Newtown, Connecticut
14 décembre 2012

Clements, une enseignante, se préparait à démarrer un projet artistique avec sa classe de deuxième année quand Adam Lanza a pris d’assaut l’école primaire Sandy Hook, tuant 20 enfants et six adultes.

J’ai eu de la chance: le tireur a tourné à gauche au lieu de droite, là où se trouvait ma classe. Lorsque j’ai entendu des coups de feu pour la première fois, j’ai emmené les 19 enfants dans le vestiaire et j’ai commencé à chanter des chansons de Noël pour les protéger des sons. Mais c’était impossible. Entre les coups de feu, nous avons entendu des cris étouffés. Une petite fille m’a serré la jambe en disant: “Je veux ma maman” encore et encore.

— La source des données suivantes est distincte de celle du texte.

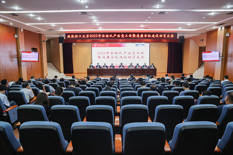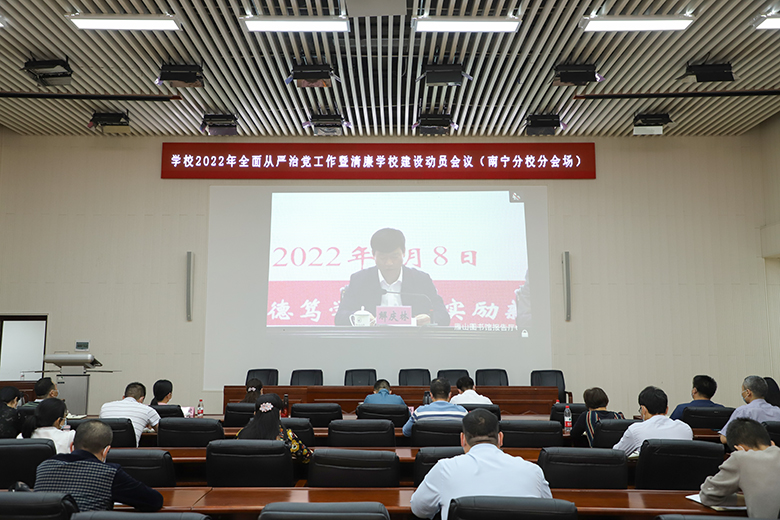 4月8日下午,学校在雁山校区图书馆报告厅召开2022年全面从严治党工作暨清廉学校建设动员大会,深入学习贯彻上级有关会议精神,总结回顾成绩,分析研判形势,研究部署2022年全面从严治党工作,并就清廉学校建设工作进行动员部署。全体党员校领导出席会议。学校党委委员、纪委委员,各单位、各部门主要负责人,各二级学院党委副书记、纪委书记参会。南宁分校通过视频方式参会。

Puis j’ai entendu des sirènes de police et j’ai dit aux enfants: “Les bons viennent!” La partie la plus effrayante quittait cette pièce. J’avais mon bras droit autour d’une petite fille et plusieurs enfants étaient attachés à mon côté gauche. Tout le monde a couru à la caserne des pompiers à proximité. Là, j’ai commencé à entendre des signaux d’horreur, des noms de personnes qui avaient peut-être été abattues. Je passe mes mains sur mes oreilles pour le faire taire. Les parents hystériques arrivaient à la recherche de leurs enfants. Quand je suis parti, beaucoup attendaient encore. C’est quand cette nouvelle phase de ma vie a commencé. D’abord, il y a eu les réveils. Maintenant, il y a l’effort de récupération. Les enseignants en font partie. Je dois être forte pour mes enfants. Mais je ne fais que commencer à gérer l’énormité de la perte. Ma culpabilité est profonde; Je pense à toutes les personnes qui ont été tuées ou blessées.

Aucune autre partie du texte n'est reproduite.